* _Task objective_
Set out exactly, and only, the lines running from the one containing "yuutarou, minashiro tsubaki, soukyuu" to the bottom of the listing below; pictures stay out.

* _Available records_
+++
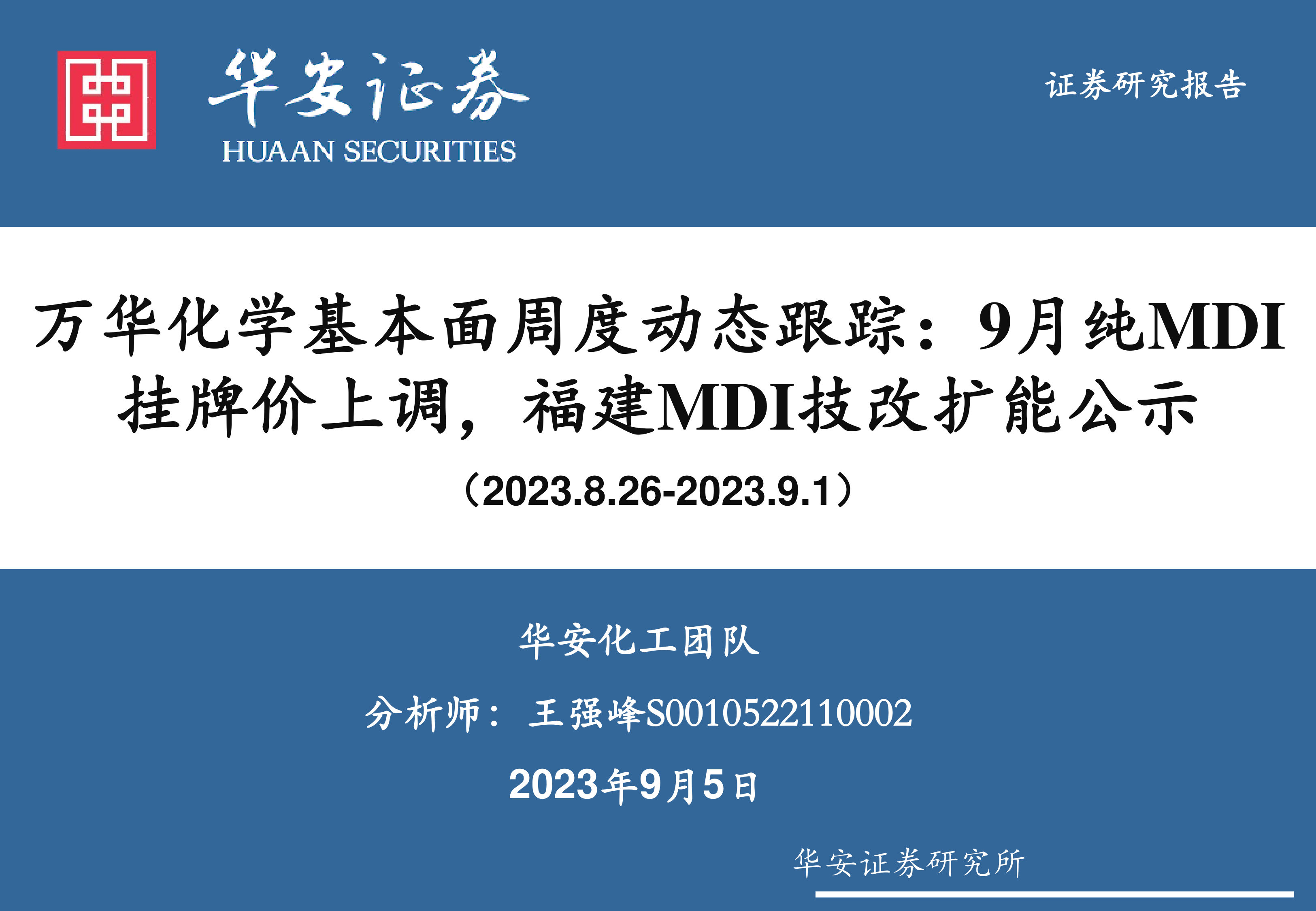 万华化学基本面周度动态跟踪:9月纯MDI挂牌价上调,福建MDI技改扩能公示
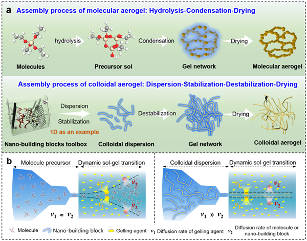 圖1. (a)分子氣凝膠與膠體氣凝膠的組裝策略。(b) 傳統(tǒng)濕法成型工藝中分子氣凝膠和膠體氣凝膠的動(dòng)態(tài)溶膠-凝膠轉(zhuǎn)變示意圖
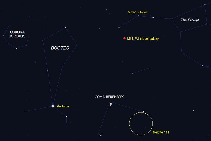 Our southern sky view in May is into the void. A little below the handle of the Plough is the constellation Coma Berenices where you might spot a smattering of faint stars seemingly spread out into braids.
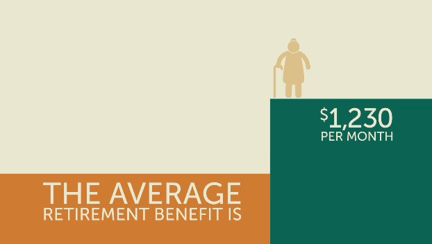 “The average retirement benefit is modest, $1,230 a month. Yet benefits are the main income for most seniors.”
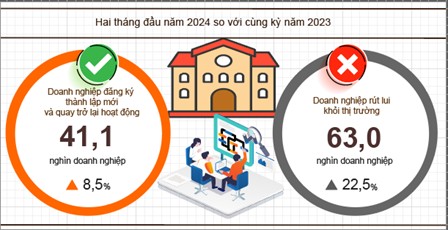 | Hai tháng đầu năm 2024 số doanh nghiệp thành lập mới và quay trở lại hoạt động tăng 8,5% so với cùng kỳ năm 2023 |
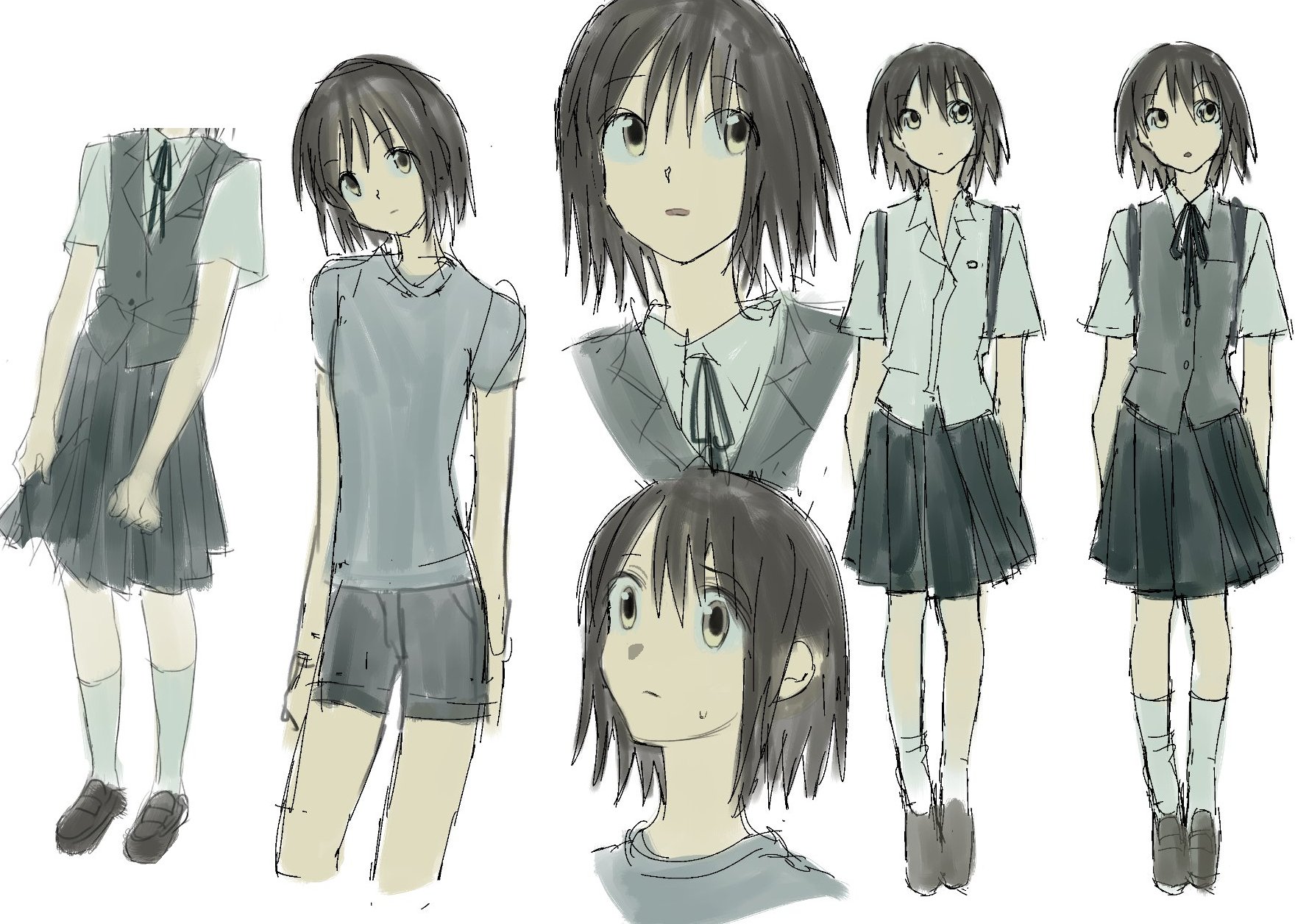 yuutarou, minashiro tsubaki, soukyuu no fafner, uniform, 00s, 1girl, blush, boots, brown hair, female focus, full body, grey eyes, long sleeves, looking back, simple background, solo, undressing, white background
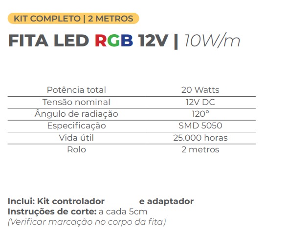 256475 – FITA LED RGB 10W/M 12V C/FONTE/CONTR.2M ( produto completo, incluso 2 metros fita, 1 driver 12v e 1 controle infra)
+++
* _Answer_
 yuutarou, minashiro tsubaki, soukyuu no fafner, uniform, 00s, 1girl, blush, boots, brown hair, female focus, full body, grey eyes, long sleeves, looking back, simple background, solo, undressing, white background
 256475 – FITA LED RGB 10W/M 12V C/FONTE/CONTR.2M ( produto completo, incluso 2 metros fita, 1 driver 12v e 1 controle infra)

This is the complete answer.